Oustalet’s or Semliki? That is the question. It may not be on everyone’s lips, but it’s uppermost in the minds of conservationists after a rare red colobus monkey triggered a camera trap several hundred miles outside its known range.

The image was captured in a remote forest in South Sudan as part of the extensive and ongoing camera-trap surveys that began in 2015 as a collaboration between Fauna & Flora International (FFI), Bucknell University and the South Sudanese government.

Even for seasoned primatologists, Oustalet’s red colobus—the Central African version of these acrobatic, fiery-coated monkeys—is a riddle, wrapped in a mystery inside an enigma. A remarkable 20 subspecies of this highly variable species have been described, according to The Kingdon Field Guide to African Mammals.

These include the version known to its close friends as the Semliki red colobus, named after the river valley in Central Africa where an isolated population was first recorded, and which may or may not turn out to be a separate species.

Identity crisis

While the experts are grappling with the complexities of colobus categorisation, there is no doubt that the monkey caught on camera represents a very exciting discovery, whatever the uncertainty surrounding which species or subspecies actually appears in the image.

Mystery monkey – Rare red colobus caught on camera in South Sudan
Black-and-white colobus and red colobus. Credit: Bucknell University/FFI

Oustalet’s red colobus—named in honour of a nineteenth-century French zoologist—is officially categorised as Vulnerable on the IUCN Red List, but is described as ‘possibly extinct’ in South Sudan, which lies at the extreme north-east of its range.

Most of the known populations elsewhere are widely scattered and typically confined to remote, seldom visited areas.
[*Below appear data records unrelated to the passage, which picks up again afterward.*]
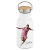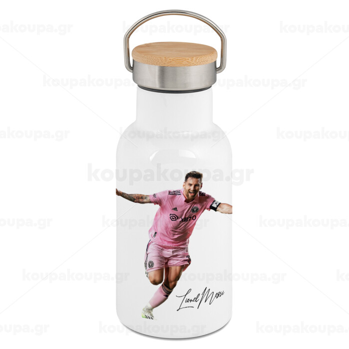 Lionel Messi inter miami jersey, Metallic thermos (Stainless steel) White with wooden lid (bamboo), double-walled, 350ml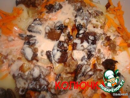 Сверху мяско + грибочки и заливочка (сметанка + соус)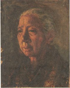 当時16歳頃の少年には、キャンバスや油絵の具は用意できるはずもありませんが、それでも描きたかった虎次郎は、木枠に木綿を張ってキャンバスとし、ペンキで描いたのでした。模写とはいっても、本格的な美術教育を受けていなかったにもかかわらず、老婦人の深い慈しみあふれる表情がとらえられており、少年虎次郎の画才をしのばせる貴重な資料の一つとなっています。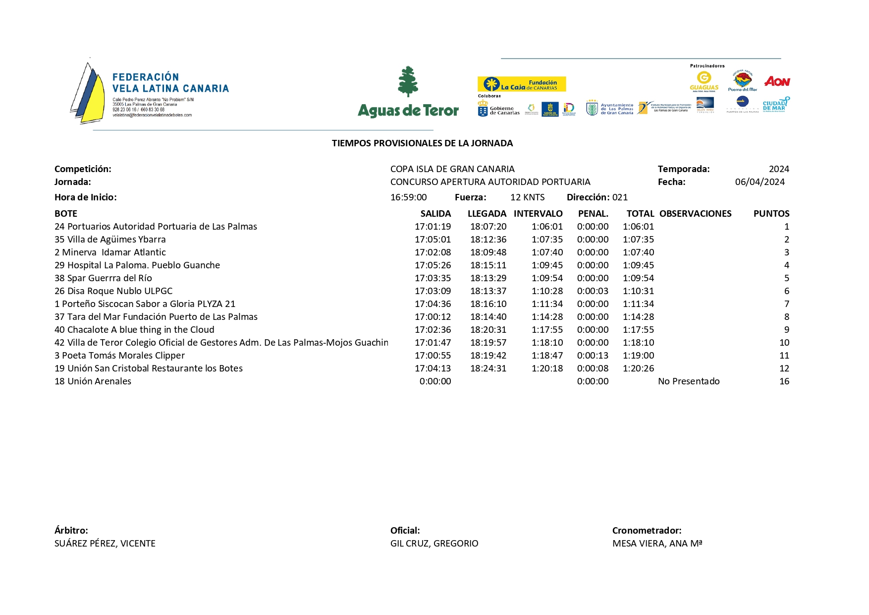 El vigente campeón de la Copa Isla de Gran Canaria, el Hospital La Paloma Pueblo Guanche, fue cuarto en esta primera prueba de la Copa Isla de Gran Canaria. El bote liderado por Óliver Bravo de Laguna entró a más de 3 minutos del Portuarios. Le siguió el Spar Guerra del Río de Adrián Morales y el Disa Roque Nublo ULPGC, con el regreso de Gari Chocho a la caña de un bote de Vela Latina Canaria.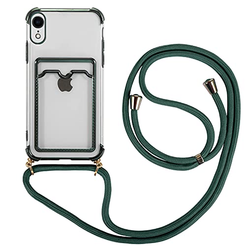 Xinyunew Collana Porta Cellulare Compatibile con Custodia per iPhone XR-Custodia da Collo per Smartphone,Cover con Cordoncino da Indossare Slot per Schede -Verde Scuro

This could explain why an apparently extinct monkey has remained undetected for so long before its cover was blown by a camera trap.

On the other hand, if—as the experts are speculating—the primate in the picture turns out to be the little-known Semliki red colobus, we have incontrovertible proof that this monkey occurs well beyond the previously accepted limits of its geographical range.

Either way, this is momentous stuff.

The latest photos, including the snapshot of the red colobus, are helping conservationists to compile an inventory of the previously undocumented species lurking in what is a relatively unexplored corner of Africa. The online citizen science platform, Zooniverse, is enabling the analysis of over half a million separate images captured by camera traps in this wildlife haven.